I asked him about what happened to the other three. After some reluctance, he said “Sir, they went to Karachi by train and being sailors, went to a seamen’s association’s office near the port. They related their story to its office-bearers who believed them. They were put on a boat bound for Mumbai and are now living safely there."

He also told me that the Pakistani sailors had taken an oath from them that they would not contact any Indian official just as they had not informed any Pakistani official.

I pleaded with him to inform one of them that I would like to meet the three. He said that he would pass on the message. The three never broke their oath!

The second case is that of an Indian who was one of Abu Dhabi ruler Sheikh Zayed’s drivers. The Director of the ruler’s office called me and asked why he was being denied a visa. This was 1980 and I was at our embassy in Abu Dhabi. The driver, who was in his sixties, came to see me and related his story.

He said that he reached Dubai in 1945 from Kerala. Some years later, he fell ill and was being taken on a dhow to Kerala, but as his condition worsened, the dhow dropped him in Karachi. He was hospitalised and when he recovered, he wanted to go home quickly, but he had no identity papers. He was advised by some locals that he should get Pakistani papers and an Indian visa for that was the quickest way for him to get home. He did.

In Kerala he got married, threw away his Pakistani passport, got an Indian one and returned alone to Dubai. After a few years, he returned to India on his Indian passport, but a neighbour told the police that he had earlier come on a Pakistani passport. He was taken into custody and deported to Dubai. For over two decades, he had not been able to go to India while his family remained there.

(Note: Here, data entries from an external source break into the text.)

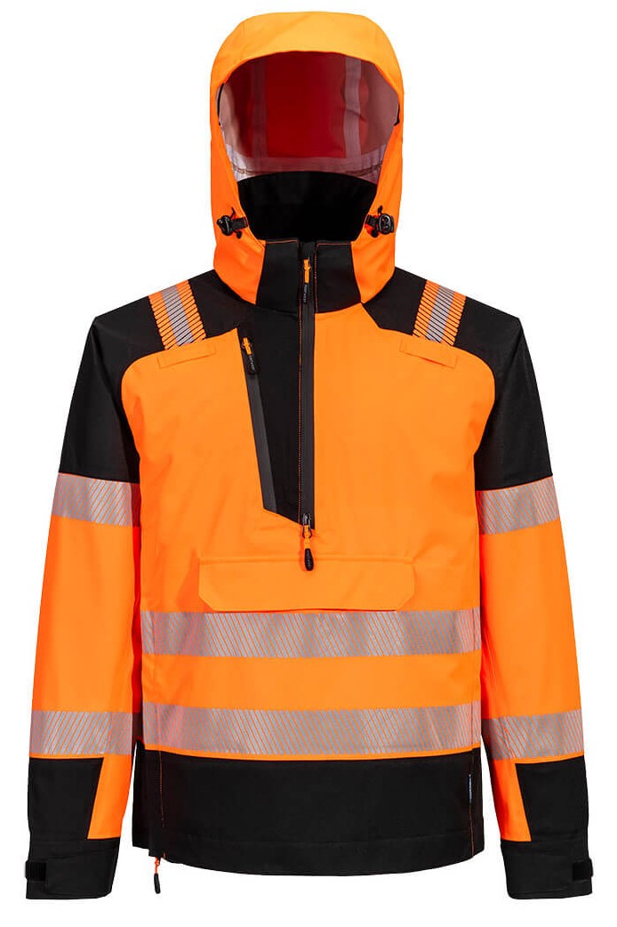 Die PW3-Überkopfjacke mit hoher Sichtbarkeit wurde im Hinblick auf Tragekomfort und Schutz entwickelt. Das Portwest Extreme Stretch Soft Touch (3L) ist wasserdicht, winddicht und atmungsaktiv und hält den Träger unter allen Bedingungen trocken. Die nach EN343 Klasse 4:4 zertifizierte Jacke verfügt über einen 2-Wege Reißverschluss in der Mitte, zusätzliche Belüftungseinsätze in allen Taschen für zusätzliche Atmungsaktivität, einen langen Reißverschluss, eine abnehmbare helmtaugliche Kapuze mit geformtem Schirm, verstellbare Ärmelbündchen und eine verlängerte Rückenlänge für zusätzlichen Schmutzschutz. Ein Muss für die PW3 Kollektion.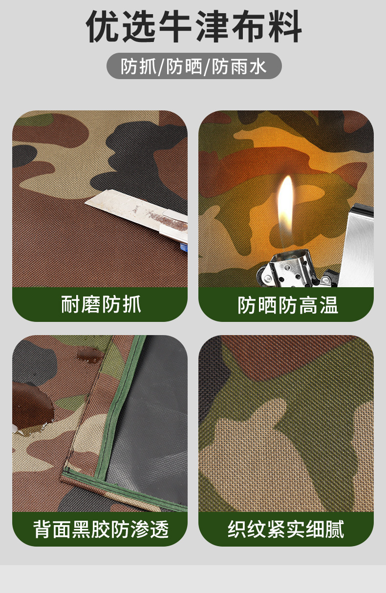 升级1:5MM加厚PP材质对比市面上的牛津布,我们的防水PP材质具有真正的防水,有效防潮,结实牢固的作用。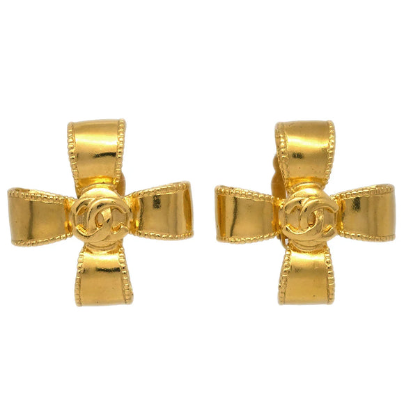 Chanel 1997 Ribbon Cross Earrings Clip-On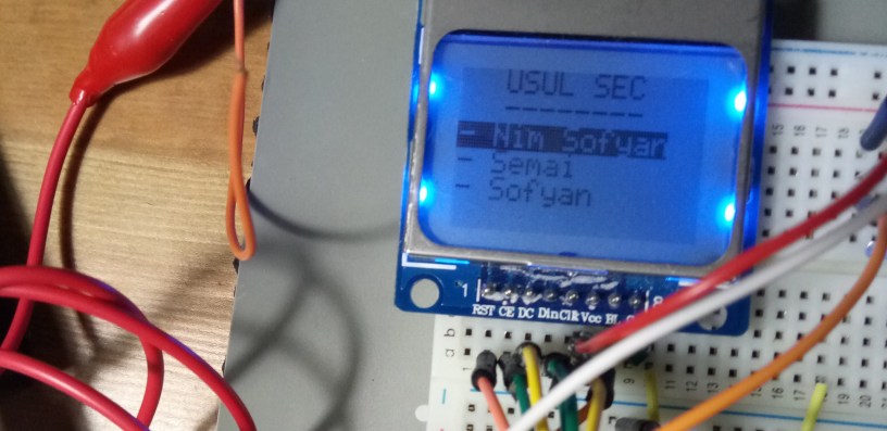 Zaten daha fazlası Arduino’nun program belleği için zorlayıcı oluyor. Sadece yukarıdakilerle dahi pro mini 168’in 16 kByte’lık hafızasını aştı ve Atmega 328 kullanmak zorunda kaldım. Kodun uzun olmasının nedeni zorluğundan değil, tekrar eden bölümlerinin çok olmasından kaynaklanma. (Aslında her seferinde “düm” ve “tek”ler loop olarak yazılıp usûller içinde çağırılabilirdi!)Ayrıca bu projede rotary encoder ve Nokia 5110 LCD ekran kullanıldı. Menü oluşturmak da yine tekrar eden komutlardan dolayı epeyce yer işgal etti.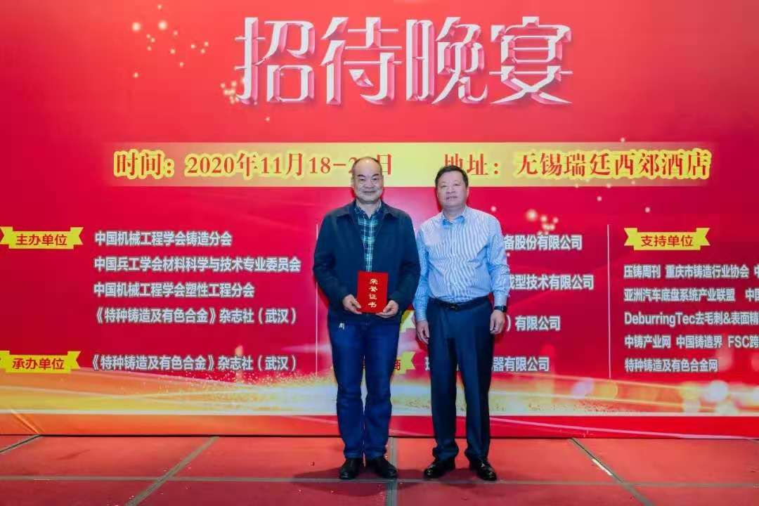 19日晚,舉行了“2019年特種鑄造及有色合金雜志優(yōu)秀論文”的頒獎(jiǎng)儀式暨嘉賓招待晚宴,許善新董事長(zhǎng)作為頒獎(jiǎng)嘉賓之一,為本次評(píng)比的金獎(jiǎng)?wù)撐摹都す獬尚涡迯?fù) K418高溫合金的微觀組織與硬度》的作者 - 西北工業(yè)大學(xué)劉建睿教授頒發(fā)了獲獎(jiǎng)證書(shū)。

He ended his story by telling me: “I don’t want to die here. I want to be buried in my homeland." The Indian authorities never agreed, as far as I know, to his return.

Nowadays, there are heart-rending cases of young persons of both countries who cross the India-Pakistan border inadvertently and spend years in prison unless compassionate border security officials do not refer their cases to the police but quietly return them to the other side. But such compassion is rare.